Once you find the line containing "Una mochila para" in the data below, copy it and each following line exactly, up to and including the line containing "旅法华侨华人和中国留学生们纷", and nothing else.

__DATA FOR REVIEW__
- Opening Delimiter -
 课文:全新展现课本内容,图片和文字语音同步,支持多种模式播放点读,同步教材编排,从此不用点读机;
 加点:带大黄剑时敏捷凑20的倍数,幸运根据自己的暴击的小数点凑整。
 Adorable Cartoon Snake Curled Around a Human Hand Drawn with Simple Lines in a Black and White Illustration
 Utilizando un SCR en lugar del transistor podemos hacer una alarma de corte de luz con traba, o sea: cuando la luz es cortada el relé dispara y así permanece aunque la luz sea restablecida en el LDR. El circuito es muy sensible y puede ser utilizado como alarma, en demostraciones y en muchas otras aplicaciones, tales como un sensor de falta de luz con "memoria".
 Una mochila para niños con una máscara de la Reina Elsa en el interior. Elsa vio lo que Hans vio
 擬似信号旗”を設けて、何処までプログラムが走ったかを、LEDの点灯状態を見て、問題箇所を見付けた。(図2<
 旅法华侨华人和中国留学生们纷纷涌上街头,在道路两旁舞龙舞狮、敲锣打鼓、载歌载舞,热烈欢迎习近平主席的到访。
- Closing Delimiter -
- Opening Delimiter -
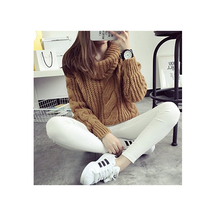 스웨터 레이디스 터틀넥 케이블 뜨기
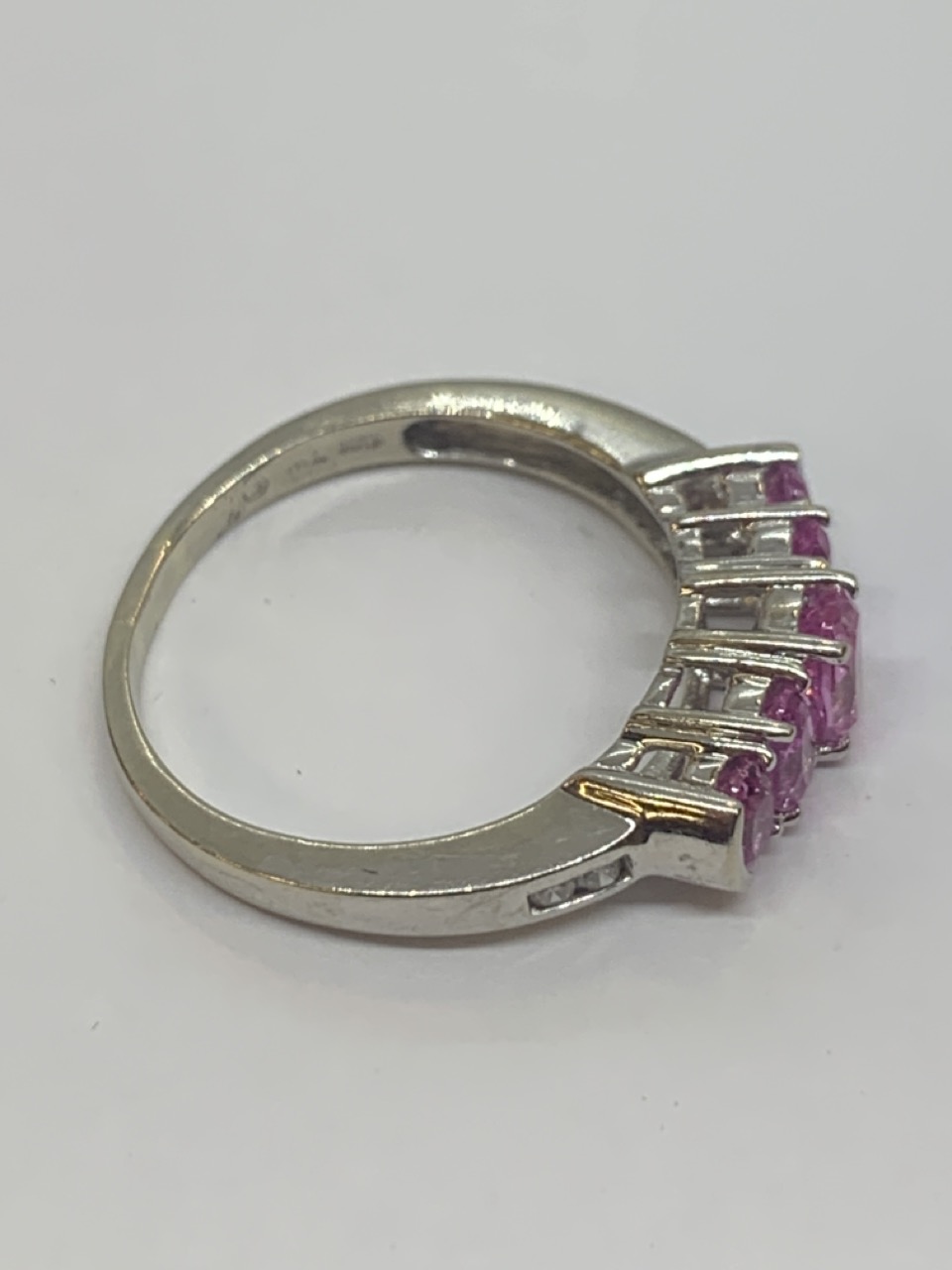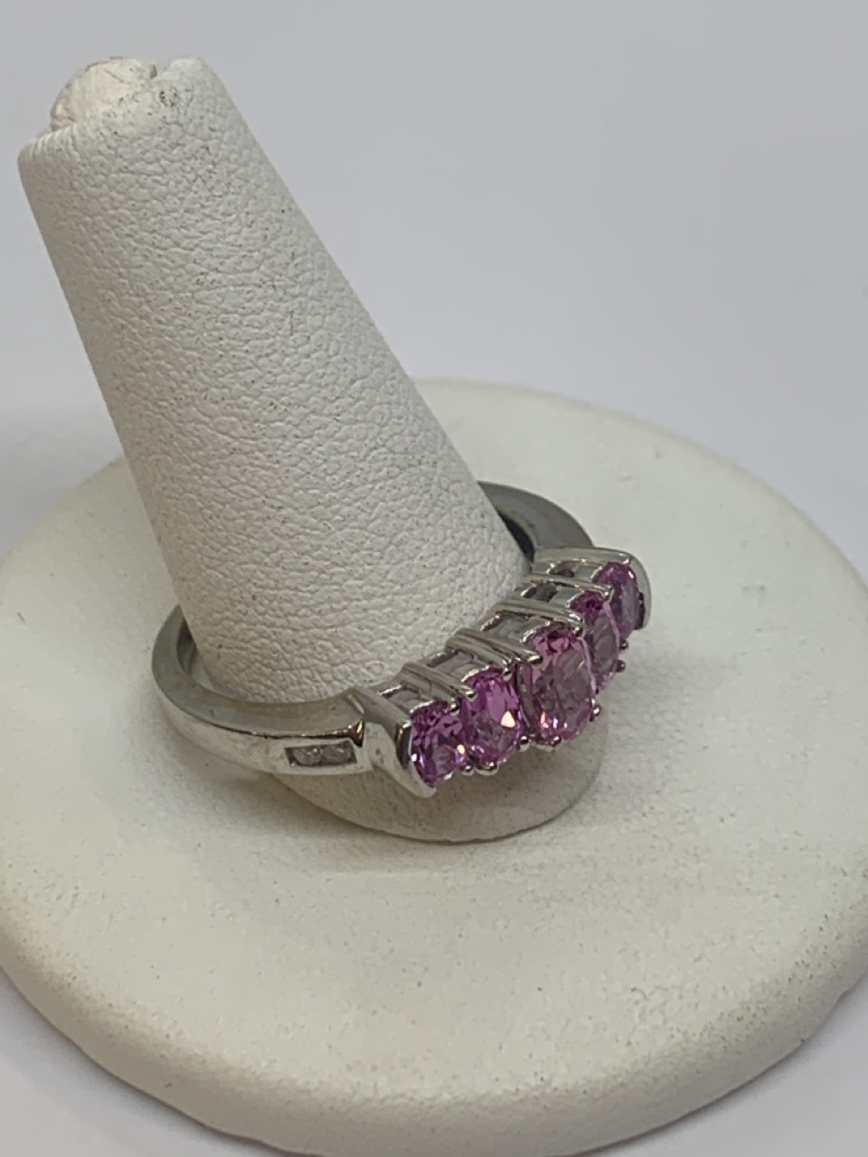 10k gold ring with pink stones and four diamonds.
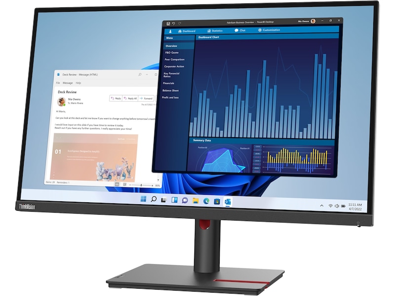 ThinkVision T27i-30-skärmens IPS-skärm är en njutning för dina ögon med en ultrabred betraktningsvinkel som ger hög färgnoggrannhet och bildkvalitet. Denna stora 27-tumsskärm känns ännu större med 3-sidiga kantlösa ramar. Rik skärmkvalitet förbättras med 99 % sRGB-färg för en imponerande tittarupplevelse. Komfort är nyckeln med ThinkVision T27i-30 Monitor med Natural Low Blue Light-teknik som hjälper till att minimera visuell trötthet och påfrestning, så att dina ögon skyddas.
- Closing Delimiter -
- Opening Delimiter -
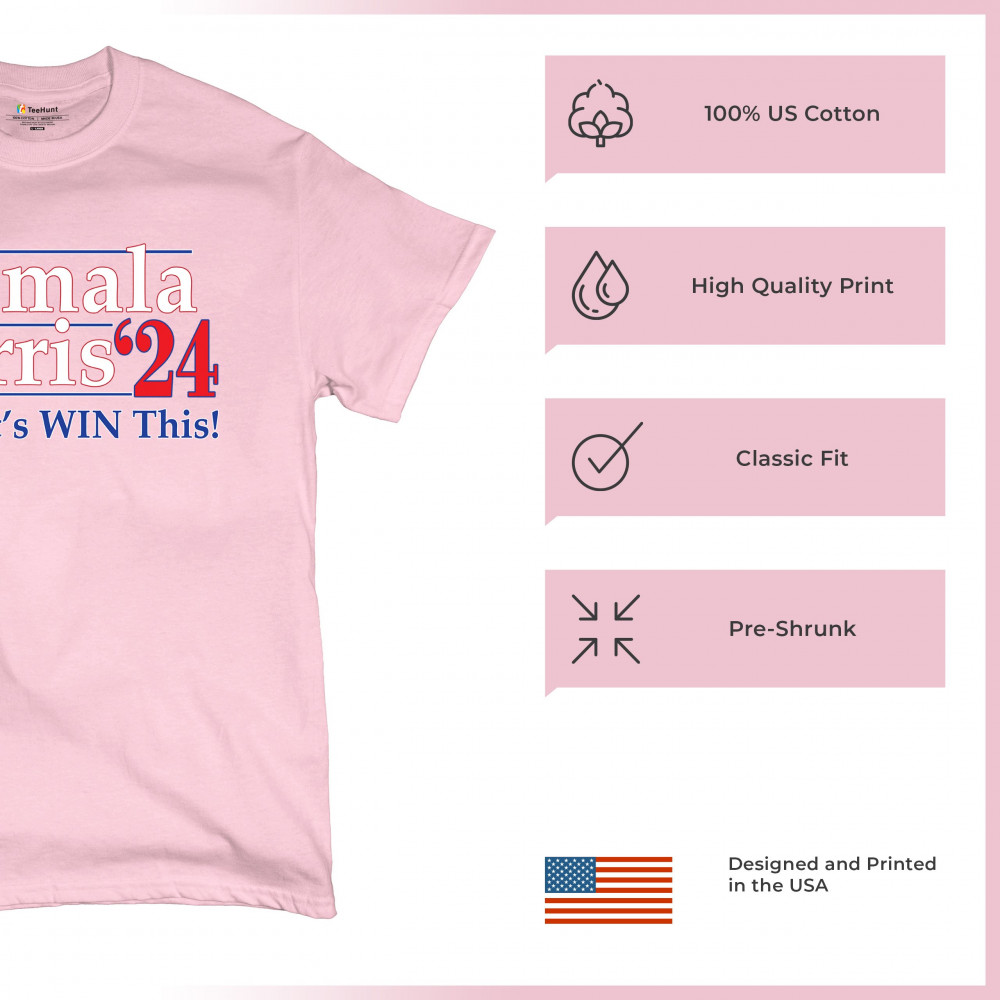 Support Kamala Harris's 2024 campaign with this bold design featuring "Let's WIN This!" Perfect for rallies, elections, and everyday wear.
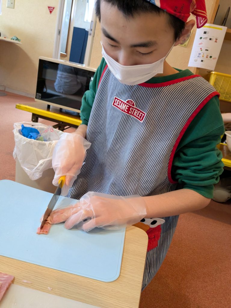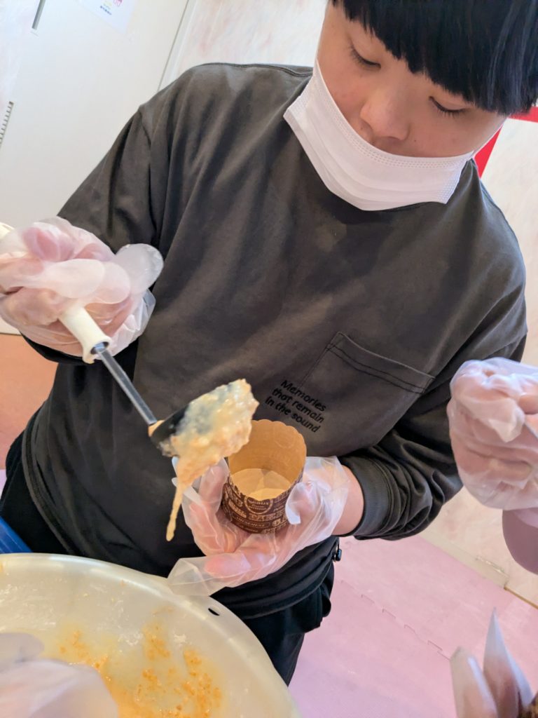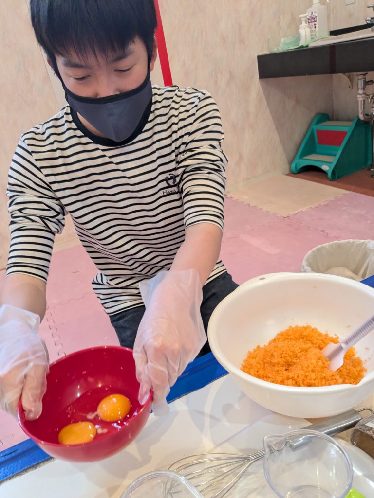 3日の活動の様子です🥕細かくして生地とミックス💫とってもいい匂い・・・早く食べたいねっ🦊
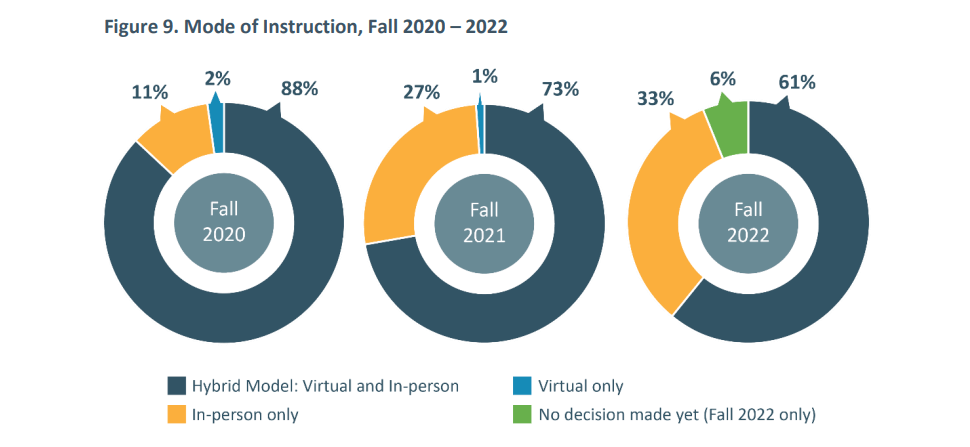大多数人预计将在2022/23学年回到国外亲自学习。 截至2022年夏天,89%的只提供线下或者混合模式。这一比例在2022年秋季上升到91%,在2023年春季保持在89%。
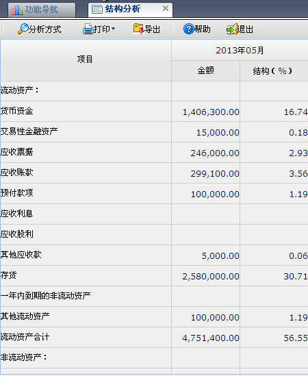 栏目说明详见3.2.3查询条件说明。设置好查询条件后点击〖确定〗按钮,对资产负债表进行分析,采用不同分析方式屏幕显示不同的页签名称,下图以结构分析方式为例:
- Closing Delimiter -
__SOLUTION TO THE PROBLEM__
 Una mochila para niños con una máscara de la Reina Elsa en el interior. Elsa vio lo que Hans vio
 擬似信号旗”を設けて、何処までプログラムが走ったかを、LEDの点灯状態を見て、問題箇所を見付けた。(図2<
 旅法华侨华人和中国留学生们纷纷涌上街头,在道路两旁舞龙舞狮、敲锣打鼓、载歌载舞,热烈欢迎习近平主席的到访。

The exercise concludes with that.